◆ What you are asked to do
The records beneath should be printed exactly, and the pictures are to be left out.

Records contained in a dataset

——

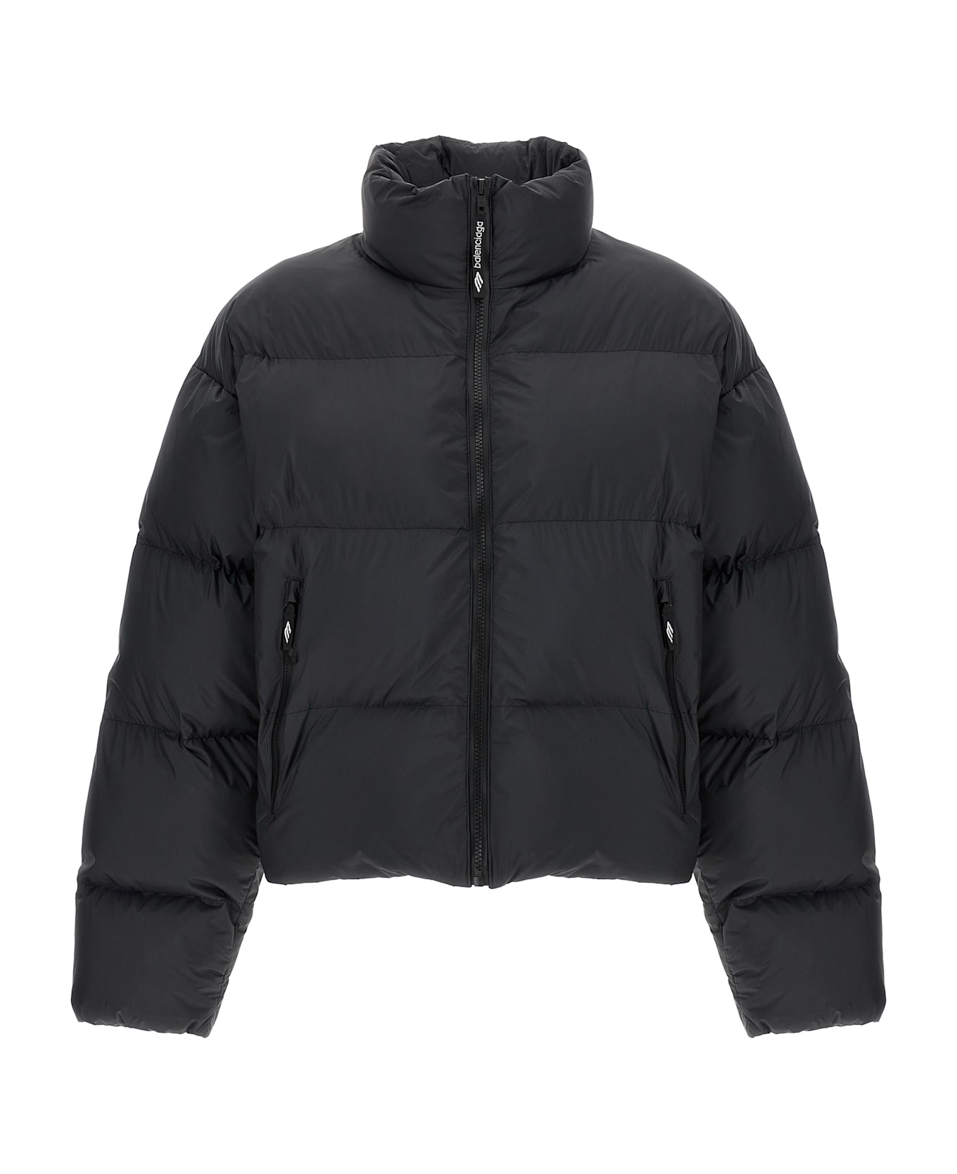 Down jacket in technical fabric, cropped model, logo embroidery, standing collar, zip closure, pockets, long sleeves with elastic cuffs, internal windproof gaiter, drawstring on the hem.
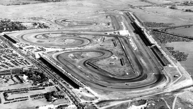 The new Roosevelt Raceway as seen during the 1936 Vanderbilt Cup Race. Look closely and you can see the racers on the track.
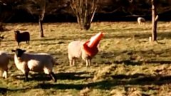 Sheep gets head stuck in cone
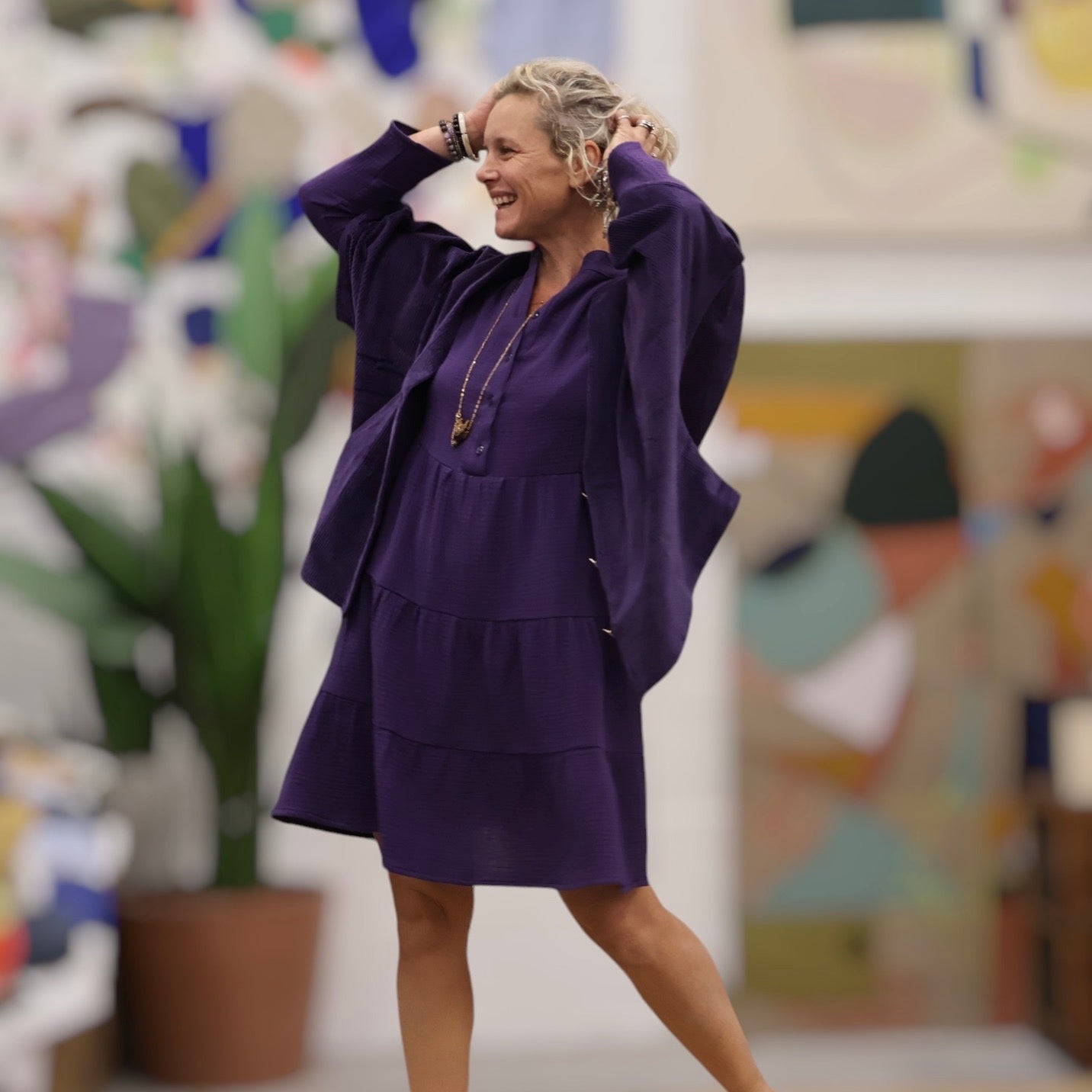 Bella incarne une élégance intemporelle, mariant harmonieusement confort et sophistication. Son style se caractérise par une jupe à étages, offrant un volume généreux dans le bas, un col mao et des manches longues.
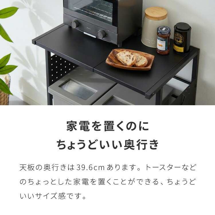 奥行はスリムな39.6cm設計で、トースターなどちょっとしたキッチン家電を置くこともできます。

——

◆ The completed task
 Down jacket in technical fabric, cropped model, logo embroidery, standing collar, zip closure, pockets, long sleeves with elastic cuffs, internal windproof gaiter, drawstring on the hem.
 The new Roosevelt Raceway as seen during the 1936 Vanderbilt Cup Race. Look closely and you can see the racers on the track.
 Sheep gets head stuck in cone
 Bella incarne une élégance intemporelle, mariant harmonieusement confort et sophistication. Son style se caractérise par une jupe à étages, offrant un volume généreux dans le bas, un col mao et des manches longues.
 奥行はスリムな39.6cm設計で、トースターなどちょっとしたキッチン家電を置くこともできます。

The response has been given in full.